I hear neurons are more complex than the building blocks of the devices AI runs on. First, man made building blocks require way more energy to work than neurons. The more building blocks the more energy. If AI developers plan to create a computer that emulates human intelligence by snowballing the hardware, they may wind up with a system that will prove too expensive to power.
Second, neurons seem to be intelligent in themselves because (1) they are machines with a state and (2) they are endowed with an instruction set which they can send to one another. Neurons can learn from each other.
But artificial intelligence is not a reason for humans to worry. Computers lack will and voluntary action. The idea that computers will be made to feel something is a hypothesis based on faith because nothing in their current structure justifies this idea. Even if this can happen, its realization should be so far in the future that for most of us the issue may seem unlikely or irrelevant.
I beg to differ. You have repeatedly raised this bogus argument here, and here, and here, and most emphatically here where you said “There is no component or section of the computer that provides the kind of overview necessary for intelligence.”
This is (a) true, (b) absolutely irrelevant, and (c) betrays a fundamental misunderstanding about the nature of intelligence.
And I wish you would stop trying to disparagingly refer to computers as “numerical”, which is not a valid or meaningful concept in computer science and left even the popular perception after the 1940s. Computers are general information processors that operate on symbols.
This is just incoherent. It just repeats several times in different ways the strangely contradictory notion that intelligent behavior is not really intelligent if a computer does it, no matter how intelligent it actually is. All of that silliness has already been addressed several times and this repetitive line of argument is just no longer productive.
Here you seem to be confounded by a conflation with biological intelligence. Why would machine intelligence necessarily have a normal distribution? We have a normal distribution of intelligence because we’re biological entitities with normal distributions of many physical attributes. Machine intelligence will be a function of its algorithms and heuristics and the capabilities of the hardware it’s running on, and also of the experience – i.e.- directed or non-directed learning – that it’s been exposed to. But there’s no reason to expect the resultant distribution to conform to a Gaussian function.

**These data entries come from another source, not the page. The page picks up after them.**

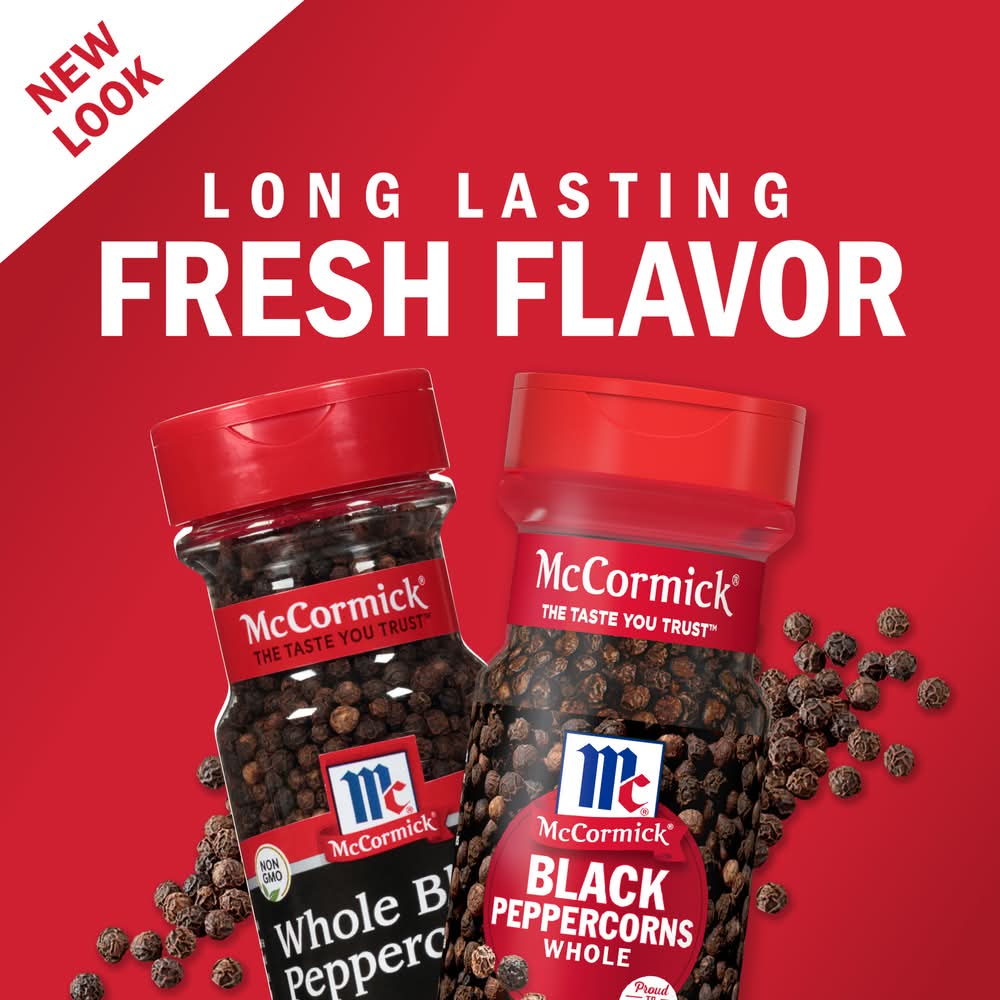 At McCormick, we hand-harvest our black peppercorns to ensure that the larger berries are picked for the boldest flavor. For freshly ground pepper, fill your grinder with our peppercorns. • Mccormick, Hunt Valley,MD,21031-1100 • Packaging: Reusable
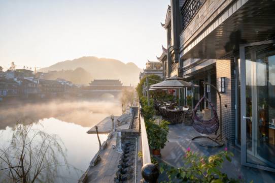 《凤凰山水莲心酒店》周边被山水环抱,沱江穿流而过,部分客房和酒店大堂吧的360°露天大阳台,可欣赏沈从文笔下的“烟雨凤凰”夜景,晨曦薄雾或华灯初上时,江景与古城的诗意尽收眼底。
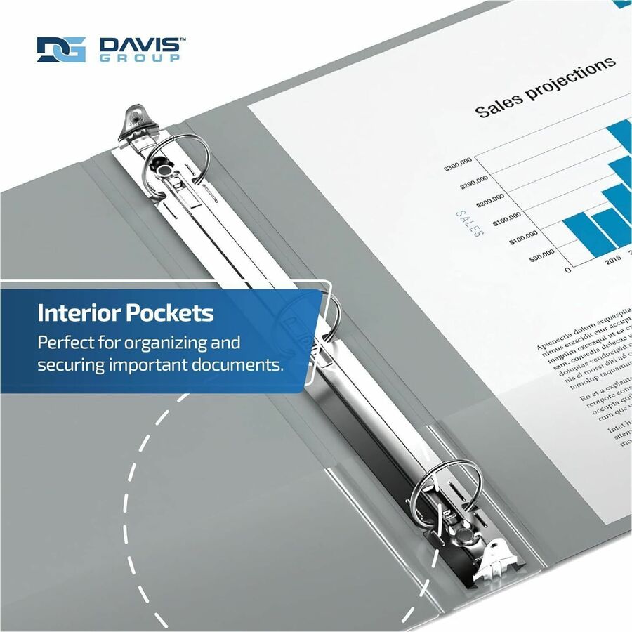 • Marketing Information: Organize your home, dorm, or office with the Premium Economy 6-Pack 3-Ring Binders for School or Office. Each 3-ring binder features 2 interior pockets: 1 inside the front cover and 1 inside the back cover. The pockets give you extra room to store small items that you don't want to punch holes in, such as artwork, loose-leaf pages, or note cards, and the clear material allows you to see what's in each pocket. Plus, each binder spine has a label holder so you can identify the contents of the binder. Whether you're looking for yellow binders, red binders, or blue binders, we have what you need. The different color options and the spine label holders make organization a breeze-no matter how many subjects you have to juggle. Each professional binder is made in Canada of PVC-free polypropylene material and will help you stay on top of every subject, deadline, and project. Davis Group is a privately owned Canadian company dedicated to providing premium-quality products. We are committed to environmentally friendly materials, and we craft each product to be high-quality, accessible, and environmentally conscious.

I agree of course. But this meme is not just from sf. I was on a business trip when the 386 was announced, and The USA Today said that true AI was just around the corner thanks to all this power.
IMO what is missing is a model of intelligence which can be experimented with and implemented, not a lack of computing power. Where I used to work we had thousands of processors running all the time doing simulations. (It helps when you make them.) I expect that when we understand what we want to model, we’ll make custom hardware to accelerate it, but in 45 years of reading about AI we don’t seem to be a lot closer to having a model.
Nature has had hundreds of millions of years to optimize neurons.
My bet is that experiments with artificial neurons will involve building them out of hardware and then fabbing chips with hundreds or thousands of neurons on them. Inter-neuron communication will be tough, but the neurons will certainly have states and accept multilevel inputs. Making them slow enough will help with the energy problem. One reason modern chips run so hot is that when you get really small you start having current leakage issues, and relatively hotter chips run faster, which we thought of as good. Neuron chips won’t necessarily have these problems.
My understanding of Watson is that it comes up with a bunch of possible answers which it then evaluates by various strength metrics until it finds the best one. Kind of like how people often come up with Jeopardy answers. That may not count as contemplation, but it sure isn’t just coming up with an answer.
As for your second paragraph, how would you determine if a computer is intelligent besides a Turing Test or something like it? If you can’t distinguish a machine intelligence from a human intelligence, why call the machine unintelligent?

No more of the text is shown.